GLIDE addresses this by combining large pools of cheap proxy labels with small sets of human labels to produce unbiased, reliable estimates of \(\theta^*\). By combining these two sources, GLIDE can achieve the same statistical precision as a purely human-labeled approach, at a fraction of the annotation cost. Actual savings depend on the annotation effort required and how well the proxy aligns with human judgement, but the potential gains can be substantial. This makes rigorous performance evaluation tractable even for large-scale AI systems.

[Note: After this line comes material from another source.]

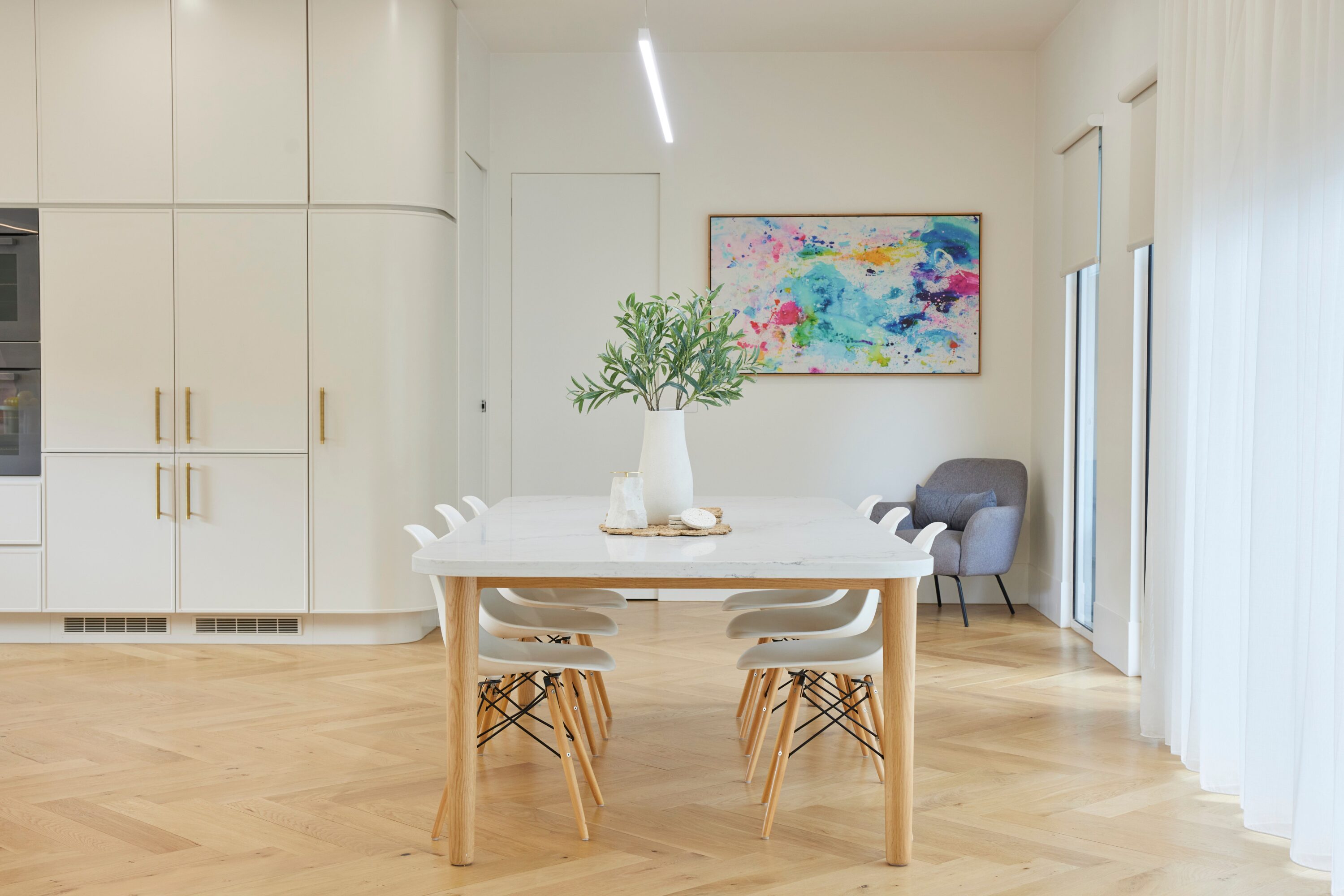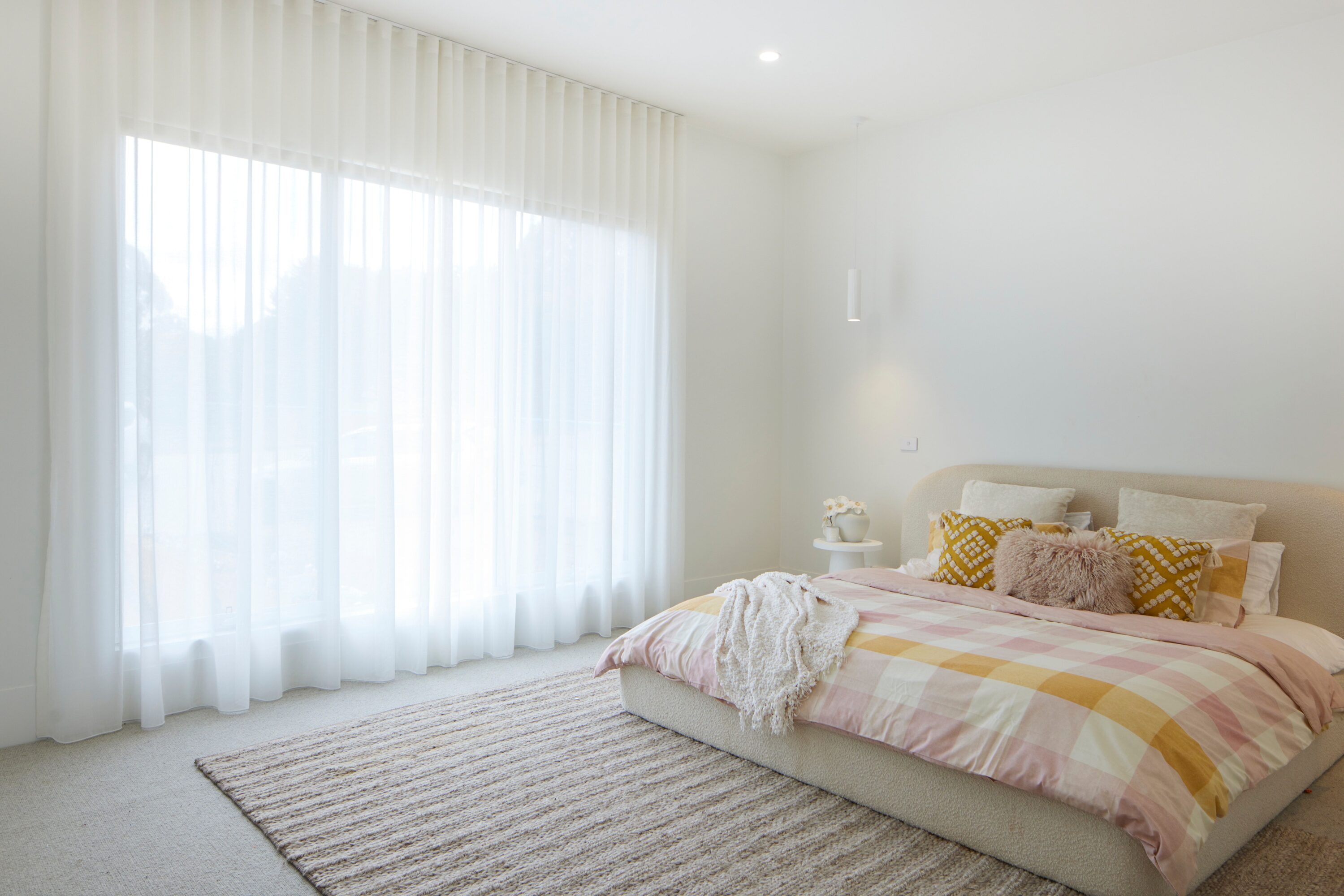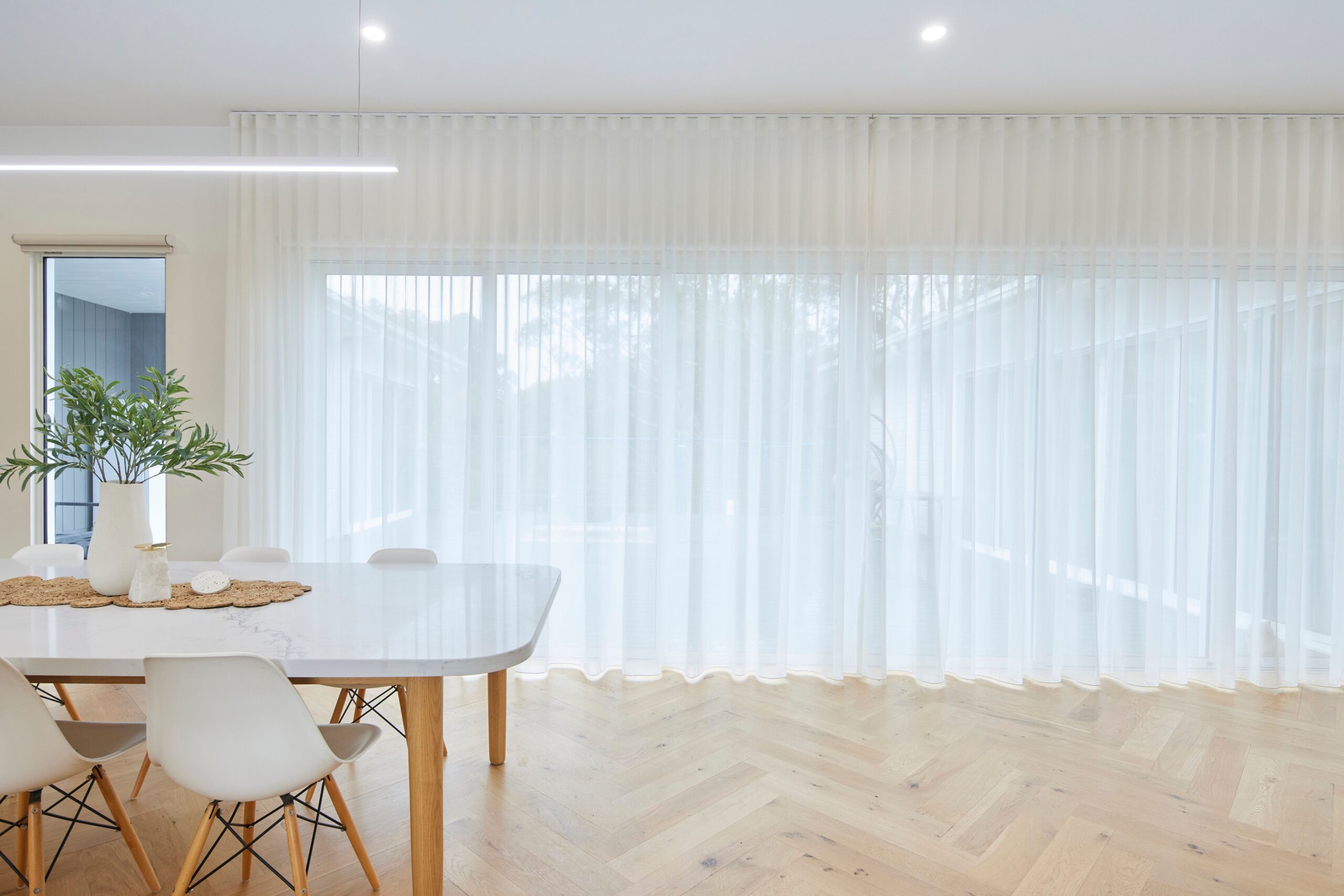 I went with Blockout Blinds because we love a nice dark room for sleep especially with the little ones and getting them to sleep a little longer in the mornings! The Sheers we chose for the areas we wanted to soften and make a little more lux; Our main bedroom and walk in robes. Lounge and kitchen open living area. They changed everything!!

The workflow has three stages:

GLIDE's workflow

Do you need a sampler?

If you already have human labels for a uniformly drawn random subset of the data (for example, from a pre-existing annotation campaign), you can skip the sampling stage entirely and go straight to the estimator.

A sampler is useful when you still need to allocate an annotation budget and want to do so in the most efficient way to reduce downstream estimation uncertainty. A naive uniform sampling strategy may lead to sub-optimal annotation budget allocation in this regard.

Stage 1: Sampling

You start with a fully proxy-labeled dataset. The sampler's job is to decide which samples to send for human annotation, returning a binary selection indicator \(\xi_i\) for each sample. Samplers that use non-uniform selection also compute a drawing probability \(\pi_i\) per sample, which the downstream estimator uses to correct for sampling bias.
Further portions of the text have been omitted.